The Hunt for bin Laden and the covert operators who posed as vaccinators


Such accusations undoubtedly caused years of delay to polio eradication, but by the end of 2010 the End polio Now Campaign truly felt that it had succeeded in winning over hearts and minds in the last three countries where polio was still endemic - Nigeria, Pakistan and Afghanistan. Then in 2011, according to The Guardian and The New York Times the CIA decided to use a fake vaccination program for Hepatitis B in the hunt for Osama bin Laden. The CIA needed to prove that the family in the compound in Abbottobad were the bin Ladens, and the idea was that a local doctor would somehow obtain DNA samples from children in the compound while they were being vaccinated, and these samples could then be compared with the DNA of Bin Laden's sister, who died in America in 2010.

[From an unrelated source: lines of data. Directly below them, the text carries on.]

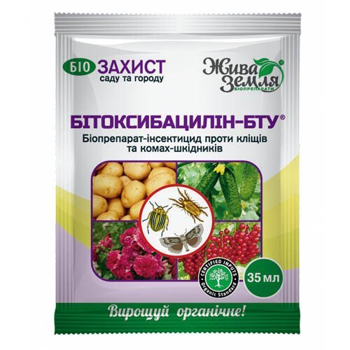 Бітоксибацилін являється концентратом біоінсектициду кишкового типу, що застосовується для обробки овочевих та плодово-ягідних культур від різноманітних видів шкідливих комах. Активним компонентом даного біологічного засобу служать бактерії Bacillus thuringiensis та їх метаболіти, які, потрапивши в організм комах разом з рослинними частинами, що поїдаються, впливають на нервову систему, викликаючи параліч і подальшу загибель. Найбільш висока ефективність біопрепарату Бітоксибацилін-БТУ спостерігається при обробці рослин на початку стадій розвитку шкідників (1-3 стадії – личинки різного віку, гусениці). Засіб виявляє активність навіть в умовах несприятливої погоди та не сприяє розвитку стійкості до препарату у комах-шкідників. Продукт безпечний для рослин та навколишнього середовища. Біопрепарат не накопичується у ґрунті та рослинах, що забезпечує можливість збирання врожаю через п’ять днів після проведення обробки. Бітоксибацилін надає ефективний захист при обробці огірків закритого ґрунту, капусти, картоплі, томатів, баклажанів, квітів, всіх видів буряків, соняшнику, люцерни, смородини, малини, аґрусу, суниці, винограду, яблуні, сливи, абрикосу, черешні, груші, вишні від кліщів, баштанної попелиці, білянки, капустяної молі, колорадського жука, вогнівки, лучного метелика, совок, листовійки, пильщика, гронової листовійки, яблуневої та плодової молі, американського білого метелика, золотогузки.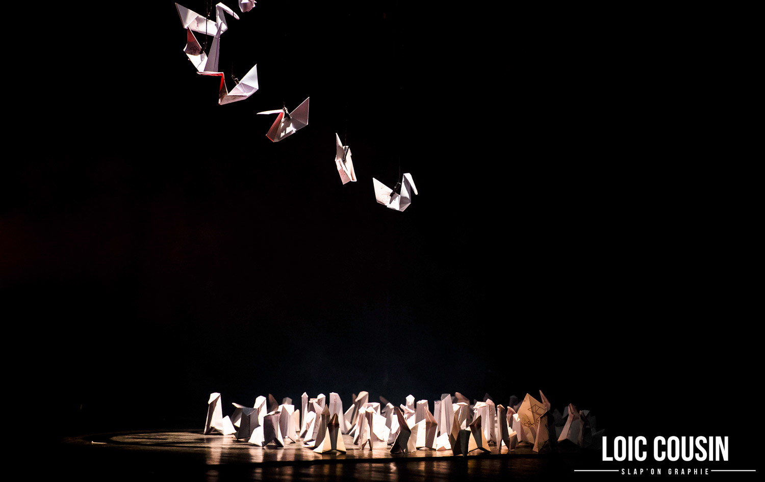 - Les cygnes en origami accrochés sur scène prennent leur envol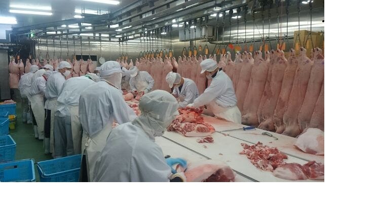大手メーカーやスーパー量販店向けに、豚部分肉の梱包仕訳を行う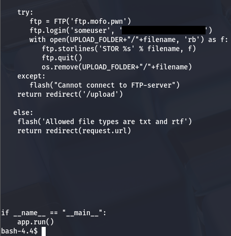 I also take a look inside main.py for any hardcoded creds and to my luck, I find an FTP login for ‘someuser’ at ftp.mofo.pwn.

There is no evidence the “vaccinations” produced DNA that helped identify bin Laden. The physician named in the article has been arrested by the Pakistani security forces, and the CIA has understandably refused any comment. But the allegation that a vaccine program was not what it seemed — that it was not only suspect, but justifiably suspect — has been very widely reported.


This is truly awful. The use of a vaccination campaign as part of a covert espionage operation, and the subsequent discovery of the fact that a campaign has been used in this way has played into to the hands of the most paranoid believers in conspiracy theories.


Thirty years ago, when End polio Now began, there were over 350,000 new cases every year in over twenty countries, this declined to 222 cases in five countries last year. A decade ago, Nigeria was forced to suspend polio vaccination for almost a year because of these paranoid rumours. This sparked an explosion of polio cases, not just in Nigeria, but in 20 other countries that previously had been declared polio-free. Let us hope that this doesn't happen again.